▶ **TASK ITEM**: In the material below, the lines from the one containing "Here is a selection" through the one containing "Coming around the corner kicking up dust" are to be given again exactly, ends included, and no others.

(Beginning of PROVIDED RECORDS)

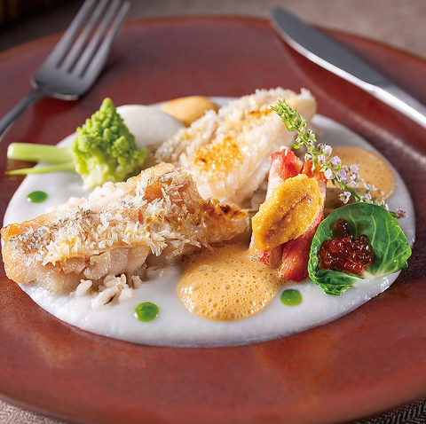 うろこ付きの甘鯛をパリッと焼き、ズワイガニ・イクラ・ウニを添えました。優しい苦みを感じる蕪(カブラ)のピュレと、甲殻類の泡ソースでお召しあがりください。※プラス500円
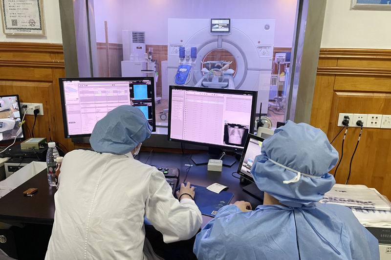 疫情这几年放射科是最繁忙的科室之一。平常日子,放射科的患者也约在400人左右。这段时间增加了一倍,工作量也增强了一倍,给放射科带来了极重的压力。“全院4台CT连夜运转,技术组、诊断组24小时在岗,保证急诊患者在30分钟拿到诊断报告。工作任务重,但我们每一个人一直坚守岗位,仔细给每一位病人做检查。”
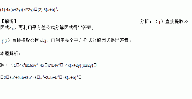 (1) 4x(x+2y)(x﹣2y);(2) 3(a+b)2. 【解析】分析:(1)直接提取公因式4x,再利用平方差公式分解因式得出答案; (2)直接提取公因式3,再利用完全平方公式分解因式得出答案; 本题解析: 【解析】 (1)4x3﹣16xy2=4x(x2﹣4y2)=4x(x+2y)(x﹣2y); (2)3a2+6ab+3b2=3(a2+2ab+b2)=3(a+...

(End of PROVIDED RECORDS)
(Beginning of PROVIDED RECORDS)

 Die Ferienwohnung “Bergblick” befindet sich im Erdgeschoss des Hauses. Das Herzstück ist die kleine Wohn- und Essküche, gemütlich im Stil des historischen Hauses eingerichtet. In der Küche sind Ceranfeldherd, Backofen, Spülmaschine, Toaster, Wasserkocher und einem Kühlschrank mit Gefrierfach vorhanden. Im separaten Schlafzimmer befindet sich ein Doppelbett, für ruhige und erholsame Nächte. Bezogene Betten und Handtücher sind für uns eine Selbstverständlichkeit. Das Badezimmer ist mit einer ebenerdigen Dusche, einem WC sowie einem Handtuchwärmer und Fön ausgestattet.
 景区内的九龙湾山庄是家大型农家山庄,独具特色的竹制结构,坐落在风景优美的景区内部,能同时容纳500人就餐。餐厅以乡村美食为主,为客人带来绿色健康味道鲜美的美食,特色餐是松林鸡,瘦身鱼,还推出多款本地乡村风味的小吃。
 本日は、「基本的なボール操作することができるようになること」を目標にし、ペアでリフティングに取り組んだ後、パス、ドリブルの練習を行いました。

(End of PROVIDED RECORDS)
(Beginning of PROVIDED RECORDS)

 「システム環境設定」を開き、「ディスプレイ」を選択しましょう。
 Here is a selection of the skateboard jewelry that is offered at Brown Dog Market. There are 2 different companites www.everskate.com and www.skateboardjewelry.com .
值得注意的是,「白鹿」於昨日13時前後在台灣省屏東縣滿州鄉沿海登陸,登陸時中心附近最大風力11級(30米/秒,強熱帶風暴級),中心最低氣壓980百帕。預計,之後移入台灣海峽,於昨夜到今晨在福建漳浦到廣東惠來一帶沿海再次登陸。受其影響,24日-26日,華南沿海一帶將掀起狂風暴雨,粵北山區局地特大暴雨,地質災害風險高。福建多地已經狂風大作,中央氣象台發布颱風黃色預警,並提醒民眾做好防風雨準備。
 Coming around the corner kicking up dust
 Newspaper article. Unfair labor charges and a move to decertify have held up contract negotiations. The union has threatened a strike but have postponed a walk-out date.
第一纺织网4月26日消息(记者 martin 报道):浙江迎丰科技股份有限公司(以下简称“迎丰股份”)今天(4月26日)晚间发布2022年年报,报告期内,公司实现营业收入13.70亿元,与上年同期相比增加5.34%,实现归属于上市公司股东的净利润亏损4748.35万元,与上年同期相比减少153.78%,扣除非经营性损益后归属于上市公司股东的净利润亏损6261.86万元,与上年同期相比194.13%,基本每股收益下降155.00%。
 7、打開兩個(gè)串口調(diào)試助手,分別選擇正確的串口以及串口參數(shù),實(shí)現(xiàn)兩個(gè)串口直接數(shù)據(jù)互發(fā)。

(End of PROVIDED RECORDS)

▶ **OUTPUT FOR THIS EXERCISE**:
 Here is a selection of the skateboard jewelry that is offered at Brown Dog Market. There are 2 different companites www.everskate.com and www.skateboardjewelry.com .
值得注意的是,「白鹿」於昨日13時前後在台灣省屏東縣滿州鄉沿海登陸,登陸時中心附近最大風力11級(30米/秒,強熱帶風暴級),中心最低氣壓980百帕。預計,之後移入台灣海峽,於昨夜到今晨在福建漳浦到廣東惠來一帶沿海再次登陸。受其影響,24日-26日,華南沿海一帶將掀起狂風暴雨,粵北山區局地特大暴雨,地質災害風險高。福建多地已經狂風大作,中央氣象台發布颱風黃色預警,並提醒民眾做好防風雨準備。
 Coming around the corner kicking up dust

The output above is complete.